Вопреки команде «смирно» те, кто стоял во второй и третьей шеренгах, начали быстро распускать брючные ремни, расстегивать пуговицы. Делалось это для того, чтобы по команде «отбой» можно было быстрее снять обмундирование, аккуратно сложить его на табурете, повесить портянки на голенища сапог и броситься в постель.

Раздеться надо было за сорок секунд, утром на одевание давалось тридцать пять; те, кто не укладывался в это время, должны были тренироваться.

Сметанин к отбою не готовился.

«Сейчас — спать; целый день ждешь… Как долго тянется поверка! И зачем только каждый раз пересчитывать людей?.. Отбой… и все тут…»

Иванов остановился перед взводом.

— Вольно! — Он поддернул рукав гимнастерки, посмотрел на часы и, не отрывая от них глаз, тихо сказал: —Взвод, отбой…

Загрохотали сапоги, замельтешило зеленое, белое…

— Время! — крикнул Иванов.

— Готова дочь попова! — укутываясь одеялом, пропищал Градов.

— Был отбой, — сказал Иванов, подходя к Сметанину. — Вы почему каждый раз копаетесь?

Сметанин, не отвечая, продолжал укладывать обмундирование на табурет.

Сергею не нравился Иванов, его неопределенного цвета глаза, сутуловатость при невысоком росте, его слегка косолапая походка; спокойствие сержанта казалось Сметанину безразличием; когда же Иванов, краснея, повышал голос, Сергей думал: «Злой парень». Но именно оттого, что парень был в его глазах злым, Сметанину хотелось ему сопротивляться.

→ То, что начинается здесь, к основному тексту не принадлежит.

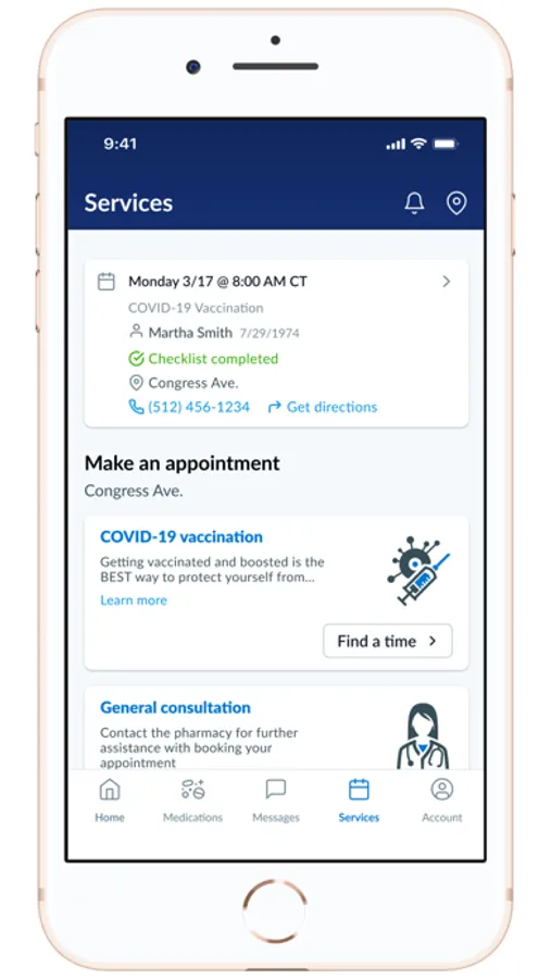 Pharmacy services: Browse a list of healthcare services offered by your pharmacy, such as vaccinations, point-of-care testing, and health consultations. Use this section to explore what's available and find information to help plan your visit.

— Сметанин, отставить отбой! — сказал Иванов и отвернулся, чтобы солдат не заметил обиду на его лице.

Он не понимал, почему солдаты, вызывавшие в нём уважение за одно то, что они были москвичами, ведут себя по отношению к нему с насмешливой дерзостью. Под их взглядами он чувствовал себя неуклюжим… Чего проще — быстро раздеться, лечь, уснуть; ему гораздо труднее быть все время на виду, заставлять себе подчиняться… Но ведь делает он это каждый день…

«Нарочно тянет, — подумал Иванов о Сметанине. — Дразнит меня…»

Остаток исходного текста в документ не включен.